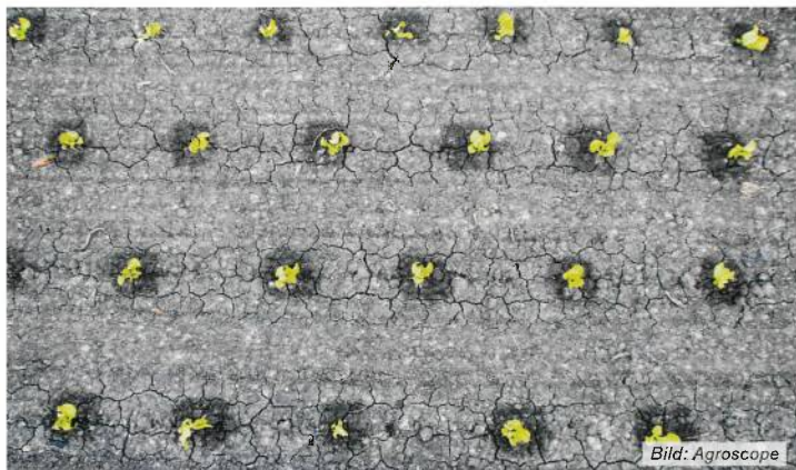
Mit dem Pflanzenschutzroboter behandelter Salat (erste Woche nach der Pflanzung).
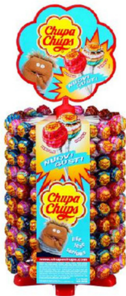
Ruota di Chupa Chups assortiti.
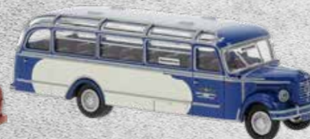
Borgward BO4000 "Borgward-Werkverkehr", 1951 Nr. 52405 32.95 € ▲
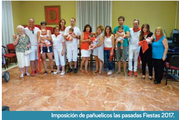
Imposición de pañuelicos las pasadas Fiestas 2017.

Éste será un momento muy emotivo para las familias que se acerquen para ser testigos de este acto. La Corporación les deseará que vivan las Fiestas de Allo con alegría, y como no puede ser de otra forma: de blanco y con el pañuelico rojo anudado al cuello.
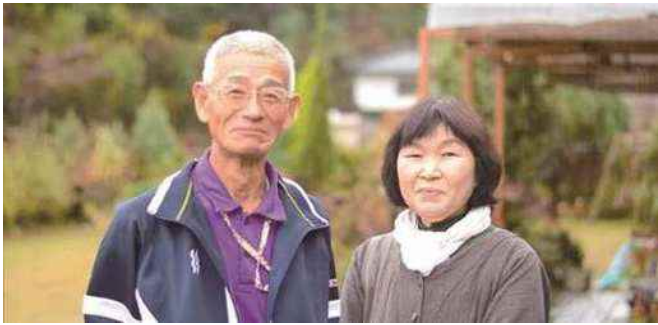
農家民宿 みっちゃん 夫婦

## Action item
Repeat the listing above up to and including the line with "Imposición de pañuelicos", starting from its first line. Drop any pictures.

## Task answer
Mit dem Pflanzenschutzroboter behandelter Salat (erste Woche nach der Pflanzung).
Ruota di Chupa Chups assortiti.
Borgward BO4000 "Borgward-Werkverkehr", 1951 Nr. 52405 32.95 € ▲
Imposición de pañuelicos las pasadas Fiestas 2017.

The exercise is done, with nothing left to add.